SwiftPrometheus works around one base class PrometheusClient and some metric types around it. The prometheus metric types are:
(from the prometheus docs)

  • Counter - A counter is a cumulative metric that represents a single monotonically increasing counter whose value can only increase or be reset to zero on restart.
  • Gauges - A gauge is a metric that represents a single numerical value that can arbitrarily go up and down.
  • Histogram - A histogram samples observations (usually things like request durations or response sizes) and counts them in configurable buckets. It also provides a sum of all observed values.
  • Summary - Similar to a histogram , a summary samples observations (usually things like request durations and response sizes). While it also provides a total count of observations and a sum of all observed values, it calculates configurable quantiles over a sliding time window.
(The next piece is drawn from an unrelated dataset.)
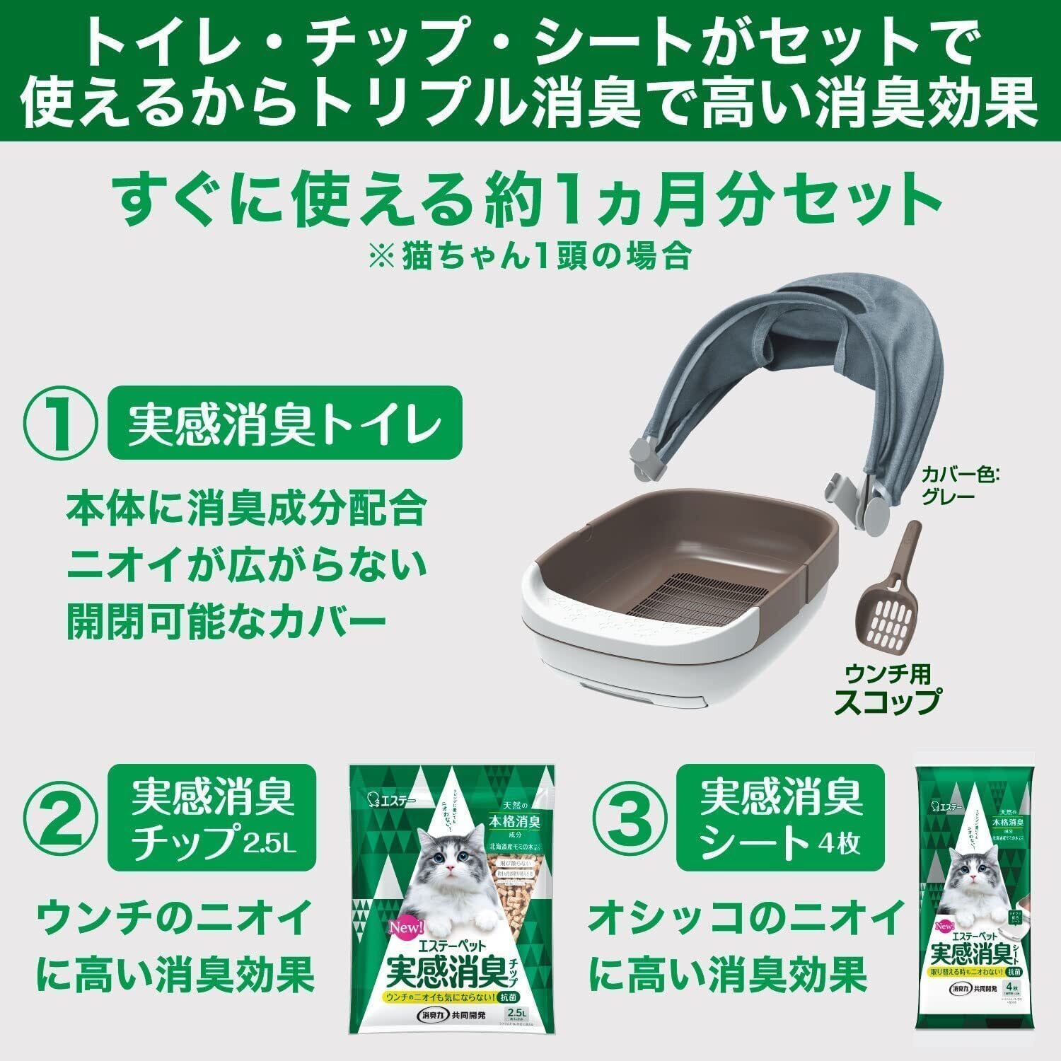 ●トリプル消臭で高い消臭効果。●実感消臭チップトドマツの針葉粉体×機能性ナノパウダー(※1)。北海道産モミの木(トドマツ)の粉体と機能性ナノパウダーがウンチのニオイに高い消臭効果を発揮。●実感消臭トイレトドマツの針葉粉体。ニオイが気になるスノコ部分に北海道産モミの木(トドマツ)の粉体を配合。●実感消臭シートトドマツの針葉粉体×クエン酸。北海道産モミの木(トドマツ)の粉体とクエン酸がオシッコのニオイに高い消臭効果を発揮。●ニオイを広げない。●ルーフカバーを閉じることで、チップの飛び散りとニオイの広がりを抑えます。※開いた状態でもお使いいただけます。●ルーフカバーは汚れやニオイがつきにくい防汚・防臭抗菌加工です。※すべての菌に効果があるわけではありません。●お手入れが簡単。水洗いOK。●ルーフカバーは、フルオープンにできるので、排泄の処理や砂のお掃除が楽にできます。●ルーフカバーは、取り外しが可能で、汚れが気になったときは、簡単に水洗いすることができます。●リビングになじむ。●防汚・防臭抗菌加工のファブリックタイプのルーフカバーは、インテリアになじむスマートなデザインなので、リビング使いにおすすめです。※1ナノレベルの孔(あな)を持つ、悪臭を吸収する消臭剤 ●天然の本格消臭成分、北海道産モミの木(トドマツ)の粉体とクエン酸配合で、オシッコのニオイに高い消臭効果を発揮します。●「実感消臭シート」は1週間分のオシッコをグングン吸収するので、お手入れの手間が減ります。●抗菌仕様のシートです。※すべての菌に効果があるわけではありません。●1週間ニオイの広がりを抑えるので、安心して使えます。●シートの表面が白くオシッコの色がわかりやすいので、健康状態をチェックできます。 使用方法 ●詳しい使用方法は、同梱の冊子をご覧ください。●(1)ルーフカバーはたたまれたまま本体にセットしてください。●(2)シートトレイに「実感消臭シート」を1枚敷いてください。●(3)スノコに「実感消臭チップ」1袋(2.5L)を敷き詰めてください。●(4)ルーフカバーを閉じてください。●ウンチ・汚れたチップは、なるべく早くスコップで取り除いてください。●「実感消臭シート」は1週間を目安に新品のシートに取り換えてください。●「実感消臭チップ」が少なくなったら、チップ補充ラインを目安に補充してください。●衛生面、消臭効果を保つため、「実感消臭チップ」は1ヵ月を目安に全量を新しいものに交換してください。●スノコ、シートトレイはチップ全量を交換する際に洗浄することをお勧めします。●ルーフカバーの汚れが気になる場合は、水をよく絞ったタオル、中性洗剤等でふき取ってください。汚れがひどい場合には水・ぬるま湯で手洗いし、陰干ししてください。●「実感消臭チップ」や「実感消臭シート」は水に溶けないので、トイレに流さないでください。●使用後の「実感消臭チップ」と「実感消臭シート」は地域の規則に従って処分してください。●「実感消臭トイレ」を廃棄する際は、地域の規則に従ってください。●本製品は引き出し付きシステムトイレ用の吸収シートです。単体で犬用トイレシート(ペット用トイレシート)として使用しないでください。※直接猫ちゃんが触れるように使用すると、シートが破れ、中身が飛び出す、足裏が汚れるなどトラブルの原因となります。●「エステーペット 実感消臭チップ」と一緒にご使用いただくと、効果的です。●「エステーペット 実感消臭チップ」以外の商品と組み合わせて使用すると十分に効果が発揮できない場合があります。●シート寸法(43cm×29cm)をご確認の上ご使用ください。※シートは外側がツルツルのフィルム面、内側がザラザラの吸水面になっています。フィルム面を下にしてセットしてください。●(1)トレイを引き出し、フィルム面を下にして敷いてください。●(2)シートがずれないようにゆっくりとトレイを奥まで押し込んでください。●(3)スノコの上にチップを入れてください。※シートを振り広げると、中の吸収体が偏ったり、製品が破れる恐れがありますので、注意してください。※シートを切ると、中身が飛び散りますので、切らずに使用してください。

SwiftPrometheus provides fully featured implementations for all of them, including a thin wrapper around them for integration with swift-metrics.

API Layout

Below section will lay out the public API of this package. For the internal APIs I would suggest you to read through the code on GitHub :smile:. This section is split up into two parts, using this library standalone, or using it integrated with the swift-metrics package.

Without swift-metrics

To get started, initialise an instance of PrometheusClient

let myProm = PrometheusClient()

Once done, you can use the create* APIs to create any of the above described metric types.

// MetricLabels is a helper type used to add labeled metrics.
struct MyCodable: MetricLabels {
   var thing: String = "*"
}

// - Counter
let counter = myProm.createCounter(forType: Int.self, named: "my_counter", helpText: "Just a counter", initialValue: 42, withLabelType: MyCodable.self)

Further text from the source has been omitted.